What you're asking for is related to a question I wrote for TCS Stackexchange some time back: the data structure that supports constant-time concatenation of functional lists is a difference list .

A way of handling such lists in a functional programming language was worked out by Yasuhiko Minamide in the 90s ; I effectively rediscovered it a while back. However, the good run-time guarantees require language-level support that's not available in Haskell.

Answer 3

It's because of immutable state. A list is an object + a pointer, so if we imagined a list as a Tuple it might look like this:

let tupleList = ("a", ("b", ("c", [])))

Now let's get the first item in this "list" with a "head" function. This head function takes O(1) time because we can use fst:

> fst tupleList

If we want to swap out the first item in the list with a different one we could do this:

let tupleList2 = ("x",snd tupleList)

Which can also be done in O(1). Why? Because absolutely no other element in the list stores a reference to the first entry. Because of immutable state, we now have two lists, tupleList and tupleList2 . When we made tupleList2 we didn't copy the whole list. Because the original pointers are immutable we can continue to reference them but use something else at the start of our list.

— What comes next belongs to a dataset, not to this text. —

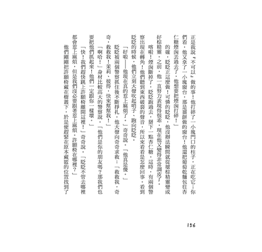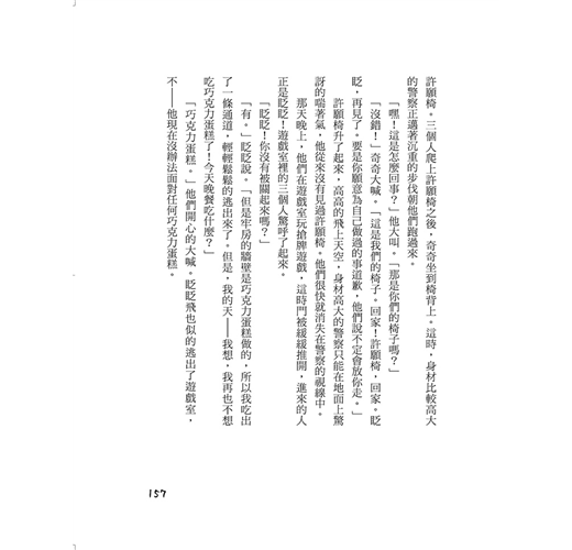「一次都沒有。」奇奇說。「很奇妙,對吧?它一直乖乖的擺在我媽媽的廚房裡,就像其他平凡的椅子,連一隻紅色的翅膀都沒有長出來過!我覺得許願椅是在等你們回來。」

Now let's try to get the last element of our 3 item list:

> snd . snd $ fst tupleList

That happened in O(3), which is equal to the length of our list ie O(n).

But couldn't we store a pointer to the last element in the list and access that in O(1)? To do that we would need an array, not a list. An array allows O(1) lookup time of any element as it is a primitive data structure implemented on a register level.

(ASIDE: If you're unsure of why we would use a Linked List instead of an Array then you should do some more reading about data structures, algorithms on data structures and Big-O time complexity of various operations like get, poll, insert, delete, sort, etc).

Now that we've established that, let's look at concatenation. Let's concat tupleList with a new list, ("e", ("f", [])) . To do this we have to traverse the whole list just like getting the last element:

tupleList3 = (fst tupleList, (snd $ fst tupleList, (snd . snd $ fst tupleList, ("e", ("f", [])))

The above operation is actually worse than O(n) time, because for each element in the list we have to re-read the list up to that index. But if we ignore that for a moment and focus on the key aspect: in order to get to the last element in the list, we must traverse the entire structure.

You may be asking, why don't we just store in memory what the last list item is? That way appending to the end of the list would be done in O(1). But not so fast, we can't change the last list item without changing the entire list. Why?

Let's take a stab at how that might look:

data Queue a = Queue { last :: Queue a, head :: a, next :: Queue a} | Empty
appendEnd :: a -> Queue a -> Queue a
appendEnd a2 (Queue l, h, n) = ????

IF I modify "last", which is an immutable variable, I won't actually be modifying the pointer for the last item in the queue. I will be creating a copy of the last item. Everything else that referenced that original item, will continue referencing the original item.

So in order to update the last item in the queue, I have to update everything that has a reference to it. Which can only be done in optimally O(n) time.

So in our traditional list, we have our final item:

List a []

But if we want to change it, we make a copy of it. Now the second last item has a reference to an old version. So we need to update that item.

List a (List a [])

But if we update the second last item we make a copy of it. Now the third last item has an old reference. So we need to update that. Repeat until we get to the head of the list. And we come full circle. Nothing keeps a reference to the head of the list so editing that takes O(1).

This is the reason that Haskell doesn't have Doubly Linked Lists. It's also why a "Queue" (or at least a FIFO queue) can't be implemented in a traditional way. Making a Queue in Haskell involves some serious re-thinking of traditional data structures.

If you become even more curious about how all of this works, consider getting the book Purely Funtional Data Structures .

EDIT: If you've ever seen this: http://visualgo.net/list.html you might notice that in the visualization "Insert Tail" happens in O(1). But in order to do that we need to modify the final entry in the list to give it a new pointer. Updating a pointer mutates state which is not allowed in a purely functional language. Hopefully that was made clear with the rest of my post.

Answer 4

In order to concatenate two lists (call them xs and ys ), we need to modify the final node in xs in order to link it to (ie point at) the first node of ys .

But Haskell lists are immutable, so we have to create a copy of xs first. This operation is O(n) (where n is the length of xs ).

Example:

xs
|
v
1 -> 2 -> 3

1 -> 2 -> 3 -> 4 -> 5 -> 6 -> 7
^              ^
|              |
xs ++ ys       ys